[EXERCISE] Please repeat, exactly and without pictures, the lines of the entries below that run from the one containing "- Beantragung der" through the one containing "约95㎡悬挑户外景观池,采用".
*** Opening of DATA EXTRACT ***
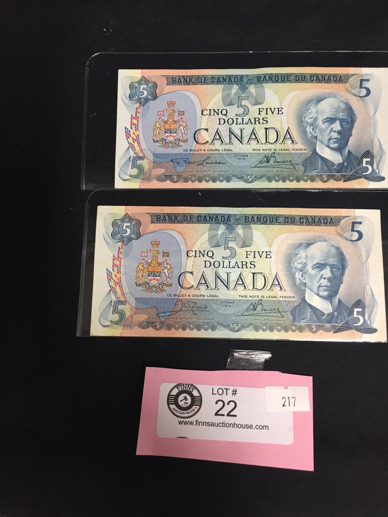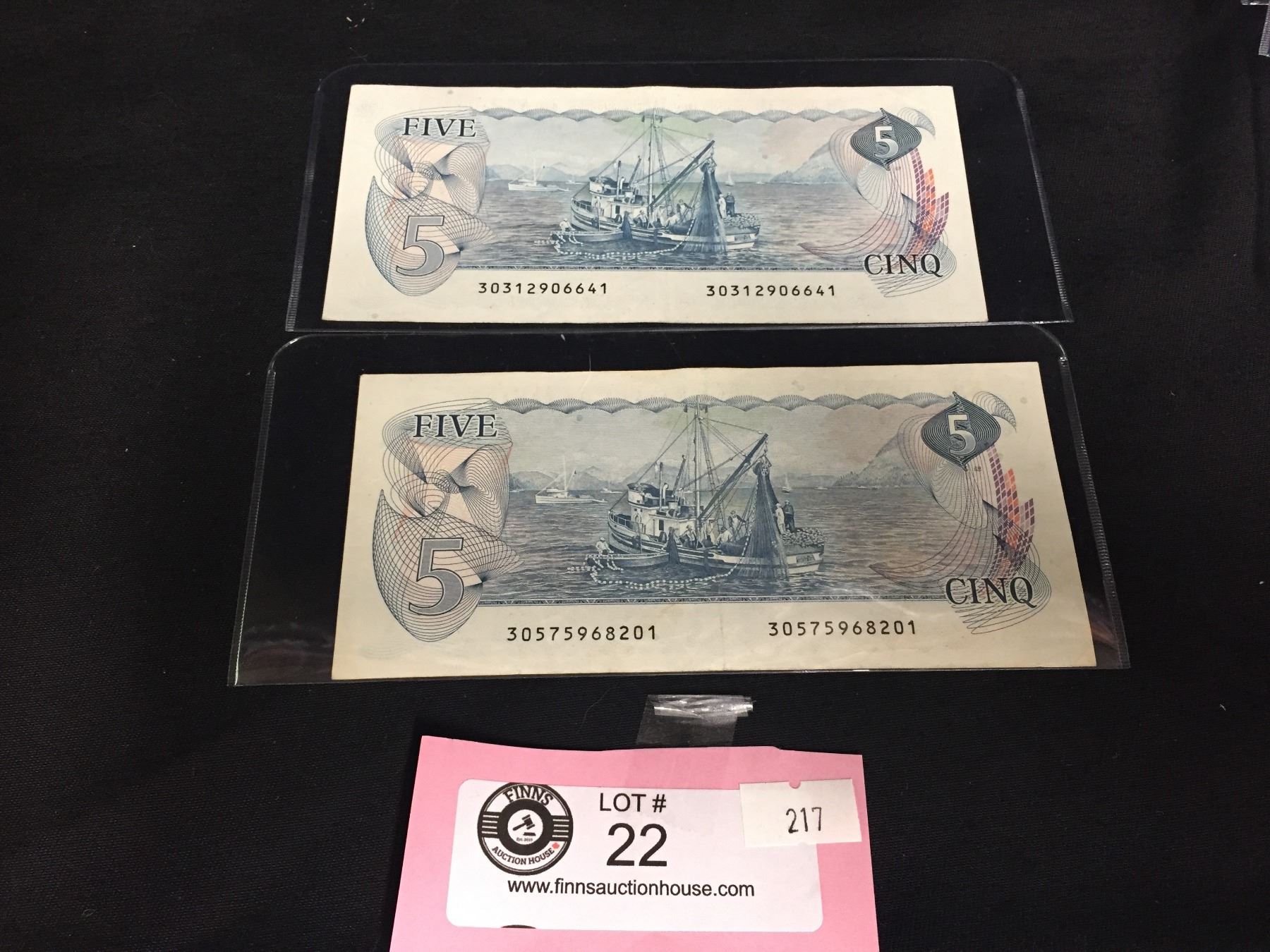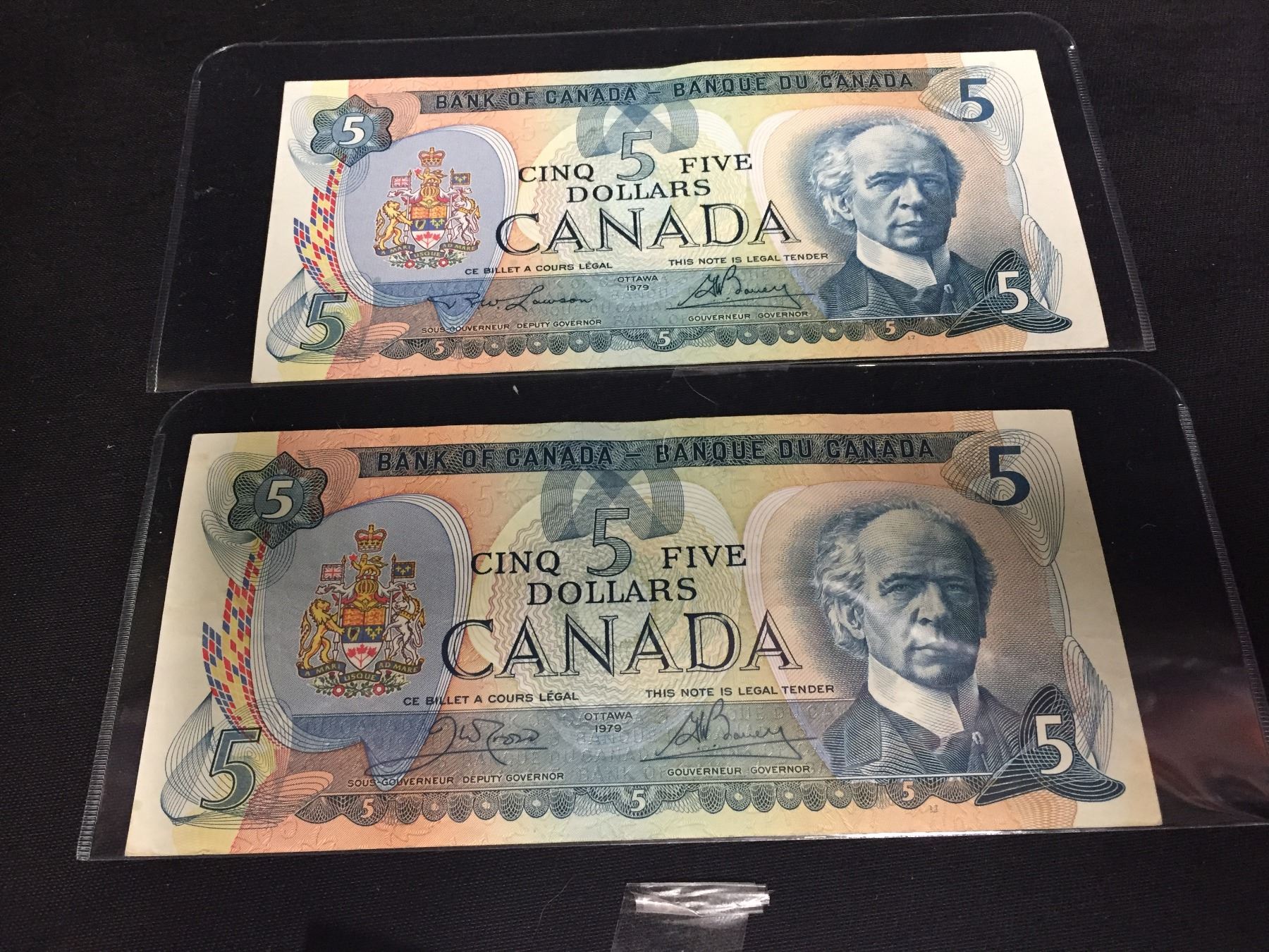2 $5 Bank of Canada Bank Notes in Sleeves
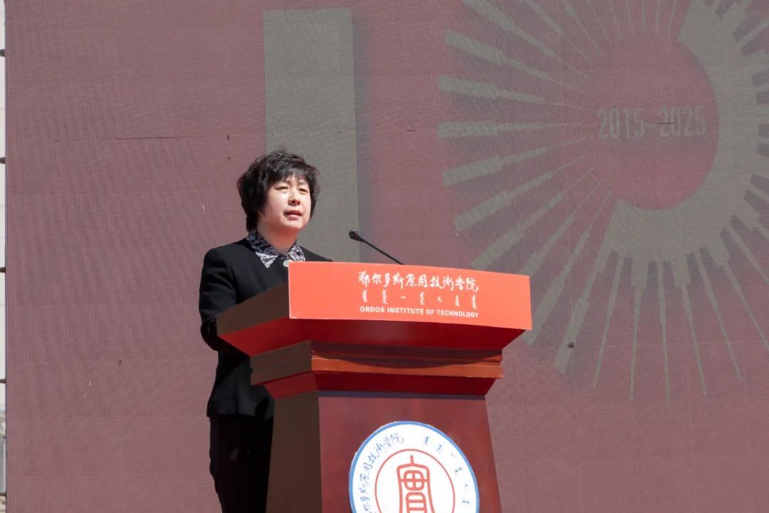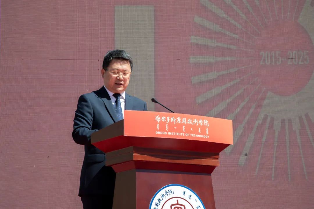 學校黨委委員、紀委書記、監察專員李少東宣布鄂爾多斯應用技術學院10周年校慶標識隆重發布。這一凝聚著學校精神與文化底蘊的視覺符號,不僅是對學校10年發展歷程的總結,也是對未來美好的展望和規劃。
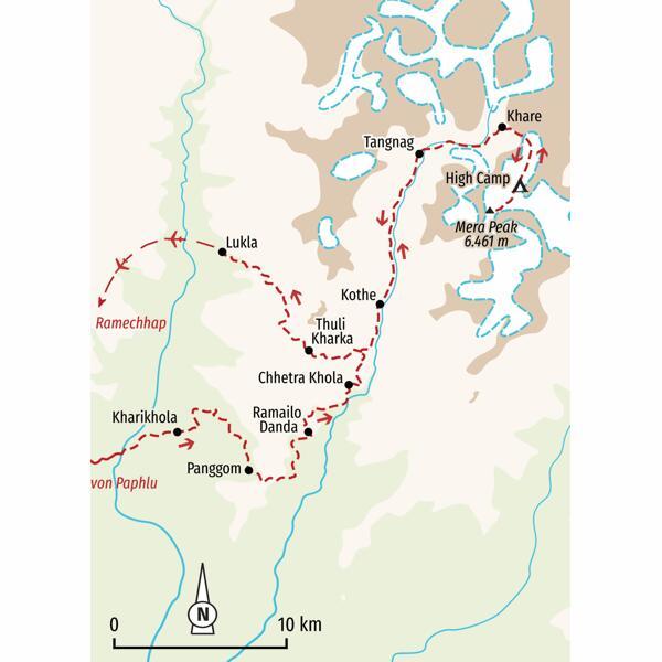 - Beantragung der Genehmigung zur Besteigung des Mera Peak (vor Ort in bar in US-Dollar zu bezahlen zzgl. 2000 NPR Servicegebühr): Frühjahrstermin 350,00 USD, Herbsttermin 175,00 USD
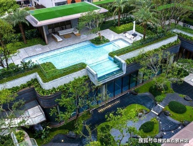 约95㎡悬挑户外景观池,采用无边际透明景观池设计,将池水与远处将军山天际线相连,形成“水天相接”的视觉奇观,远望山景,亦可270°俯瞰立体园林。
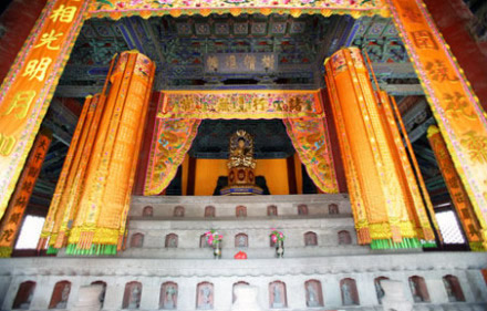 大雄寶殿:在天王殿后面,坐落在近兩米高的月臺(tái)上。門額上高懸清乾隆帝手書(shū)“蓮界香林”雕龍橫匾。原來(lái)還掛有清康熙帝所題“般若無(wú)照” 匾額和“禪心似鏡留明月,松韻如莫振舞風(fēng)”的楹聯(lián),今已不存。殿內(nèi)屋頂上有三個(gè)木雕藻井,上圓下方,井內(nèi)各雕有一條團(tuán)龍。下方漢白玉石雕的須彌座上供有明代鑄造的銅質(zhì)橫三世佛。正中為釋迦牟尼佛,南側(cè)為阿彌陀佛。北側(cè)為藥師佛。每尊佛像高3.2米,重5000公斤。大殿前左右兩側(cè)各有三間配殿,左側(cè)為伽藍(lán)殿,右側(cè)為祖師殿。
*** Close of DATA EXTRACT ***
[RESULT BELOW]
 - Beantragung der Genehmigung zur Besteigung des Mera Peak (vor Ort in bar in US-Dollar zu bezahlen zzgl. 2000 NPR Servicegebühr): Frühjahrstermin 350,00 USD, Herbsttermin 175,00 USD
 约95㎡悬挑户外景观池,采用无边际透明景观池设计,将池水与远处将军山天际线相连,形成“水天相接”的视觉奇观,远望山景,亦可270°俯瞰立体园林。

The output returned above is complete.